Sundar Pichai carries the weight of institutional history. Google has been running robotics programs since 2013, contributed foundational transformer architectures, and co-built Open X-Embodiment. When Pichai says "we were too early," that's not humility — it's a precise technical statement about what was missing and when it arrived. Alphabet's $180–190 billion 2026 capex is directed at AI compute and infrastructure broadly — the same stack that powers Gemini Robotics, DeepMind's physical AI work, and Google's robotics partnerships. When the CEO of that company says physical AI is now ready, it lands differently than when a startup says it.

Jim Fan brings the most falsifiable claim of the three. The Great Parallel isn't a metaphor — it's a prediction with evidence attached. EgoScale's R² = 0.998 scaling curve and DreamZero's cross-embodiment transfer numbers are published and reproducible. If the parallel holds, the field's trajectory from here is predictable in the same way language model scaling was predictable after 2020.
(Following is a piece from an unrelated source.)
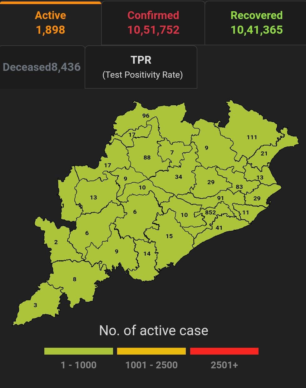 ଭୁବନେଶ୍ବର ୧୩/୧୨(ପିପିଟି); ରାଜ୍ୟରେ ନୂତନ ଆକ୍ରାନ୍ତ ସଂଖ୍ୟା ୧୭୮ ପଜିଟିଭ ସଂଖ୍ୟା ୧୦,୫୧,୭୫୨ ଚିହ୍ନଟ ହୋଇଛନ୍ତି ୧୦,୪୧,୩୬୫ ଜଣ ସୁସ୍ଥ ହୋଇଥିବା ବେଳେ ୧,୮୯୮ ଜଣ ଚିକିତ୍ସିତ ହେଉଛନ୍ତି ଏବଂ ୮୪୩୬ଜଣଙ୍କର ମୃତ୍ୟୁ ଘଟିଛି ଏବଂ ଅନ୍ଯ ମୃତ୍ୟୁ ୫୩ ହୋଇଛି । ଖୋର୍ଦ୍ଧା ଜିଲ୍ଲାରେ ଆକ୍ରାନ୍ତ ସଂଖ୍ୟା ୧,୮୦,୨୨୩ ସୁସ୍ଥ ସଂଖ୍ୟା ୧,୭୭,୭୭୨ ଚିକିତ୍ସିତ ସଂଖ୍ୟା ୮୫୨, ମୃତ ସଂଖ୍ୟା ୧୫୮୯ କଟକ ଜିଲ୍ଲାରେ ଆକ୍ରାନ୍ତ ସଂଖ୍ୟା ୯୫,୩୫୮, ସୁସ୍ଥ ସଂଖ୍ୟା ୯୪,୪୦୫ ଚିକିତ୍ସିତ ସଂଖ୍ୟା ୯୧, ମୃତ ସଂଖ୍ୟା ୮୫୮, ଗଞ୍ଜାମ ଜିଲ୍ଲାରେ ଆକ୍ରାନ୍ତ ସଂଖ୍ୟା ୩୩,୯୫୦ ସୁସ୍ଥ ସଂଖ୍ୟା ୩୩,୪୪୬ ଚିକିତ୍ସିତ ସଂଖ୍ୟା ୧୫ ମୃତ ସଂଖ୍ୟା ୪୮୧, ସୁନ୍ଦରଗଡ ଜିଲ୍ଲାରେ ଆକ୍ରାନ୍ତ ସଂଖ୍ୟା ୬୨,୨୭୧ ସୁସ୍ଥ ସଂଖ୍ୟା ୬୧,୫୭୯ ଚିକିତ୍ସିତ ସଂଖ୍ୟା ୯୬, ମୃତ ସଂଖ୍ୟା ୫୯୨ ବୋଲି ସ୍ୱାସ୍ଥ୍ୟ ପରିବାର କଲ୍ୟାଣ ବିଭାଗ ତରଫରୁ ଏହି ସୂଚନା ମିଳିଛି।

Three different kinds of authority — researcher who built it, executive who has been trying for a decade, scientist with a published scaling law — all converging on the same conclusion: **the enabling conditions for general-purpose physical AI are now in place.

What It Means in Practice

The technical details of how VLAs, WFMs, WAMs, and JEPA fit together are in Part 1. But the broader implication of these converging signals is simpler:

The debate about whether general-purpose physical AI will happen is effectively over. The open questions are when, how fast, and who controls the stack when it gets there.
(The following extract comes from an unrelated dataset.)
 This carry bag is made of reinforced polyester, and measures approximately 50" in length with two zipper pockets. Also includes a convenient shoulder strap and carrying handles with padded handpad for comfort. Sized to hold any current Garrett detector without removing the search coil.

The scaling law is the decisive evidence. Once you have a clean log-linear curve connecting compute to real-robot performance, the rest is engineering and investment. Language models taught us that once you find the scaling law, the field moves faster than almost anyone predicted. There is no reason to expect robotics to be different.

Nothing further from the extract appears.